WHAT YOU NEED TO DO
In the records below, find the line with "BRITAX독자 기술SICT탑재에 의해측면에서의 충격을 저감" and repeat exactly every line from it through the line with "それぞれのボックスにはリビングで使う物を". Pictures stay out.

SOURCE RECORDS
= = =

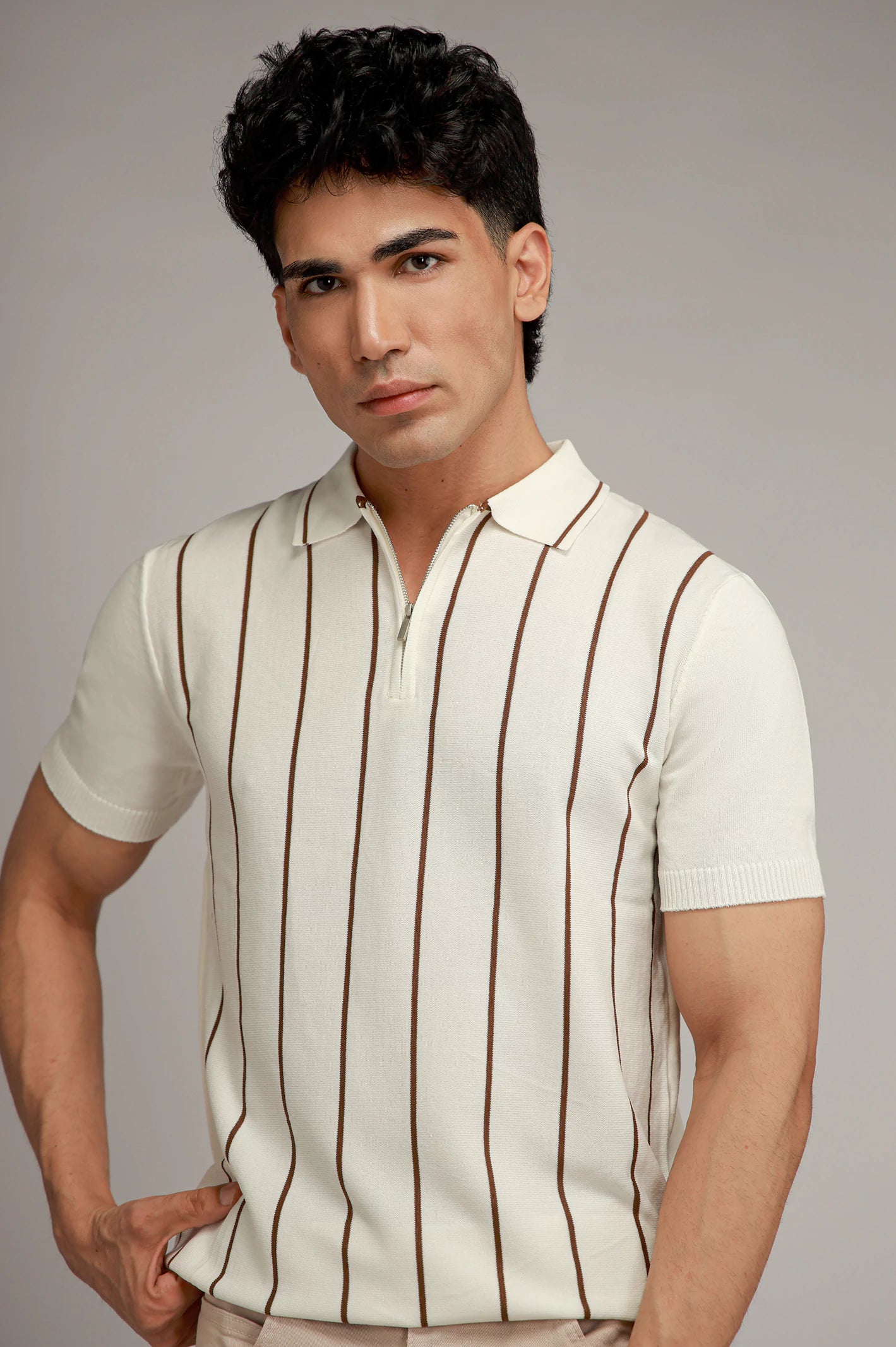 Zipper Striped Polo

= = =

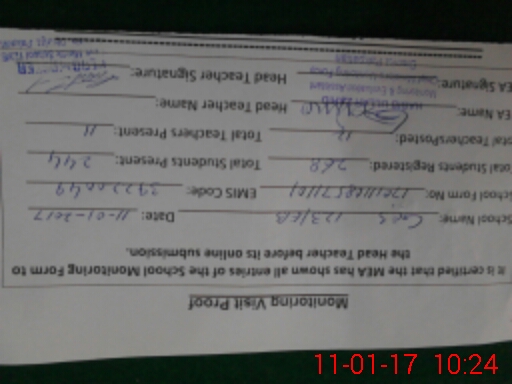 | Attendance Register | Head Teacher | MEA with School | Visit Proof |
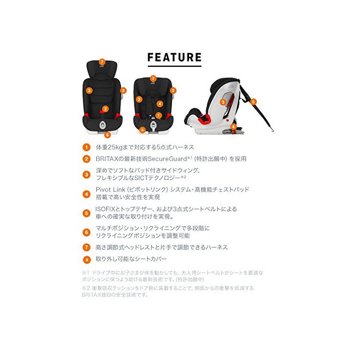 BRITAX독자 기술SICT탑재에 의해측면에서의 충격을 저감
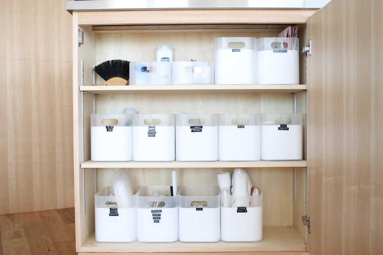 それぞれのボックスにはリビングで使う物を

= = =

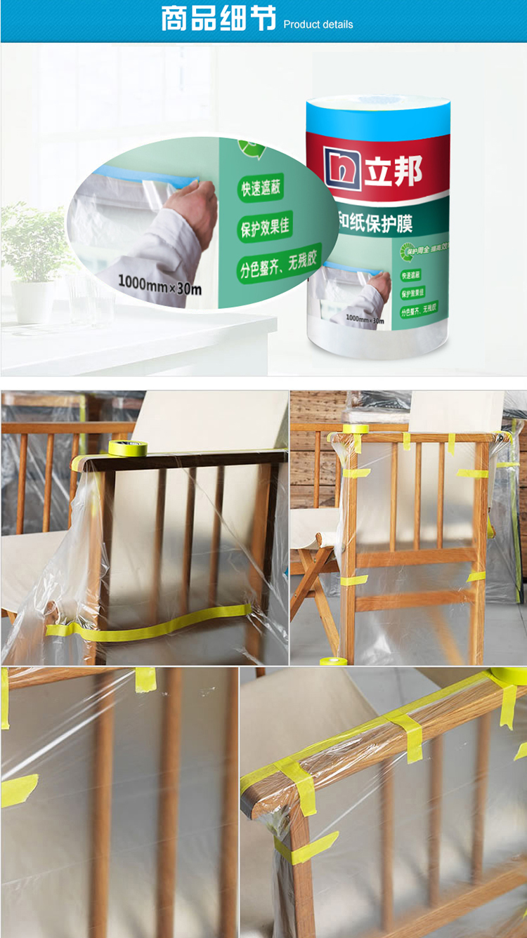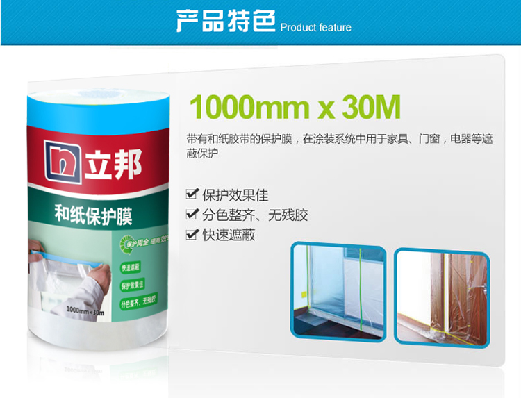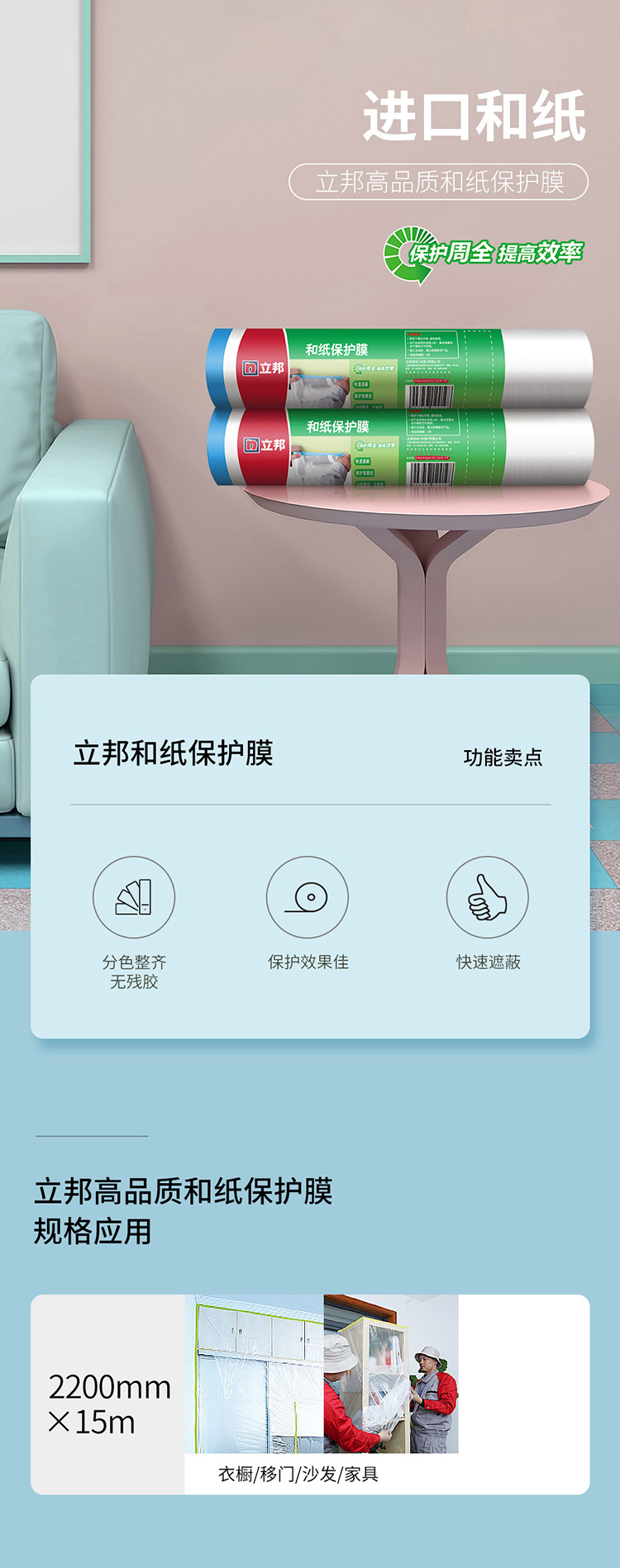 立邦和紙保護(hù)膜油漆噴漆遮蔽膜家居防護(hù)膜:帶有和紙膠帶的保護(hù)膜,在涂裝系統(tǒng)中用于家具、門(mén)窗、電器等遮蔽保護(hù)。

= = =

WRITTEN ANSWER
 BRITAX독자 기술SICT탑재에 의해측면에서의 충격을 저감
 それぞれのボックスにはリビングで使う物を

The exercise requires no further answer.